For instance, when Monin's flavoring syrups plant in Clearwater, Florida., reached capacity twice as fast as expected, its process engineers and managers knew they had to update their manual batching procedures and automate their numerous recipes in compliance with S88. Monin worked with system integrator Altra Systems in Orlando, Florida., to integrate plant-floor and enterprise data, improve recipe formation and management, and integrate with its Navision enterprise resource planning (ERP) system. As a result, Monin implemented FactoryTalk (FT) Batch, PhaseManager, PlantPAx Process Objects software library and other solutions from Rockwell Automation.
"The future for Monin is completely integrated manufacturing, so IT and process control must be joined together," says Armando Di Francesco, technical manager at Altra Systems. "Plant PAx software objects gave us many tools we needed, gave us control modules for our process and still saved 30 to 50% on the engineering and programming hours we would have been required to spend otherwise. We used PhaseManager to integrate the ControlLogix PLCs with FactoryTalk, and it simplified our phase programming and also reduced the time needed to develop phase templates for common tasks, such as agitating, mixing and adding ingredients.

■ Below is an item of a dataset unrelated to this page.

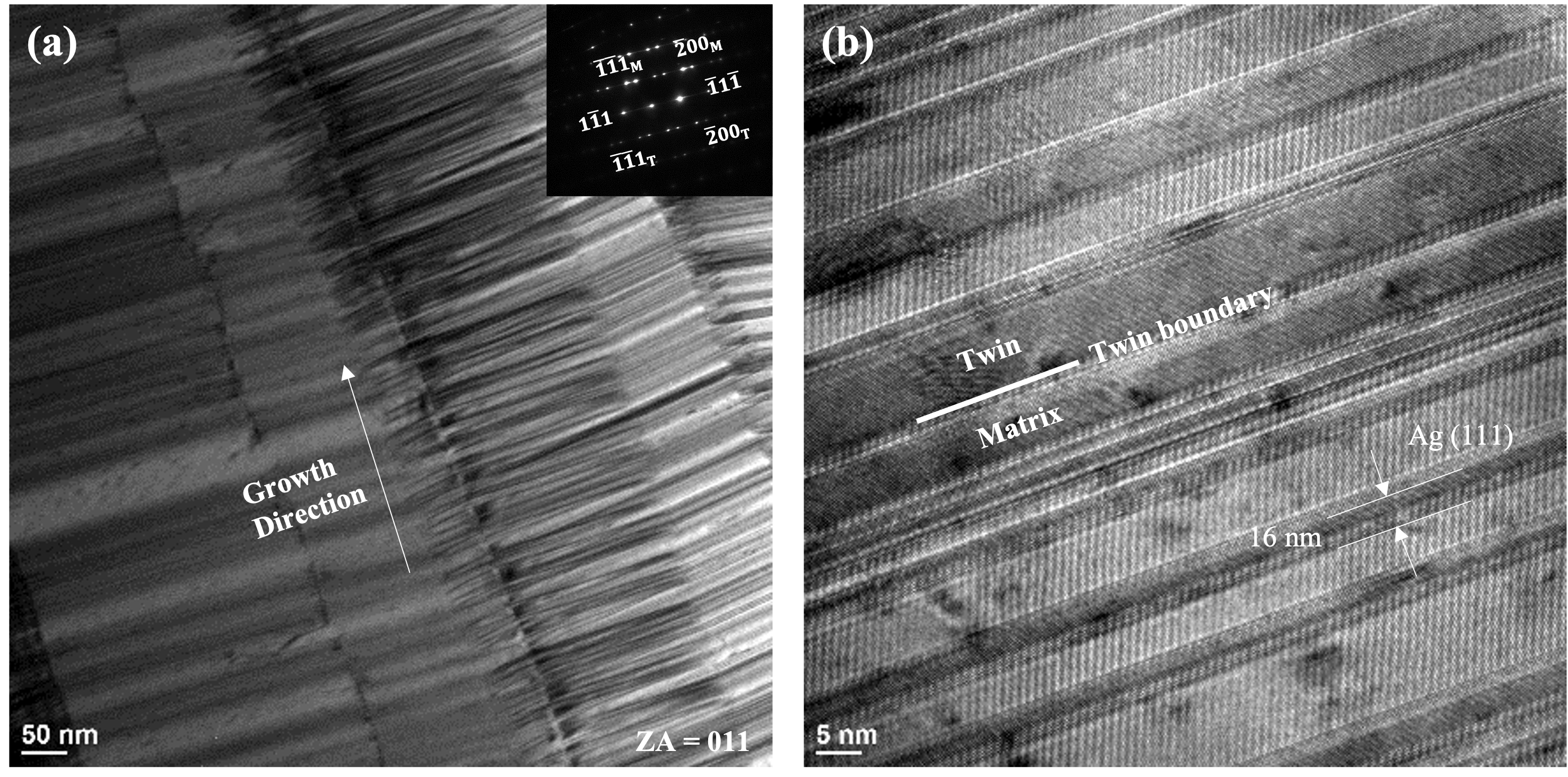 In addition to FIB imaging, the nanotwinned structure of the sputtered Ag nanotwin structure is further investigated by transmission electron microscopy (TEM) film. Figure 6 (a) shows the cross-sectional bright-field TEM images of the Ag film sputtered on Ti pre-coated sapphire substrate, taken along the zone axis of [011]. High density of stacking nanotwins are observed along the columnar grains, whereby the twin interfaces are parallel to the substrate surface. In the SAD pattern, the matrix and twin diffraction spots showed spot splitting across the {111} twin interfaces, which are identified to be stacking faults. Statistical measurement of the twin spacing indicated an average of 16 nm, as evident from the HR-TEM image in Figure 6 (b). The fast Fourier transform of the film has confirmed a typical (111)-oriented twin structure, which is consistent with the XRD analysis in Figure 5.

"These six or seven templates are stored in FT Batch Server, where they can be filled with data from our 200 recipes. Also, if we need to change recipes or add new ones, it's easy, and we even have eSignatures for different operations to check who did what and comply with electronic batch record (EBR) requirements."
Switching skills to S88
Perhaps because batch control started out in discrete manufacturing, some potential users have been reluctant to adopt batch techniques in their process applications. This attitude has been shifting as they understand that continuous processes can be divided and organized into the stages, operations and actions in S88's process model, but many users still need to learn some new abilities.
"Our team takes a systems approach to process integration, which means PLCs, HMIs, DAQ and remote access devices sit on a network. As we've seen networks evolve from ControlNet to Ethernet and wireless, they've shown they're reliable, can handle lots of data and are inexpensive," says Jamie Godbout, senior process control engineer at CSIA-member Hallam-ICS in Burlington, Vermont. "However, they require new skills from engineers, such as knowing addressing, avoiding broadcast loops and setting up VLANs. I come from an IT and programming background, so I have an object-oriented point of view. I think that's where process controls are migrating now—to using less ladder logic—and this is where batch principles like S88 can help."
Godbout reports that Hallam-ICS recently worked with BYK USA Inc. in Wallingford, Connecticut., to automate its new 30,000-sq-ft specialty chemicals plant, which produces about 150 products, mainly additives for paints and lubricants. A subsidiary of Germany-based Altana, BYK's applications used to run manually, but it wanted to bring its parent company's methods to the U.S. to reduce product variability and meet increasing demand. The new facility consists of 15 reactors controlled by 2,200 I/O points. Many of BYK's products require three vessels, while more complex recipes run in two separate reactors, which are later dumped into a third mixing vessel prior to packaging.
“Manual controls create variability and quality becomes difficult to control, where automated controls, while more complex, reduce variability by making the process repeatable. BYK’s processes often require complicated synchronized activities, such as controlling exothermic reactions under vacuum in hazardous areas,” explains Godbout. “As a result, we adopted a PlantPAx solution that controls devices at the controller level, while sequencing/recipes are controlled with a batch server, FactoryTalk Batch. For example, FT Batch tells the controllers to heat and hold temperature at 80 °C, and the controllers know which valves to open and temperature sensors to use to hold the specified temperature.”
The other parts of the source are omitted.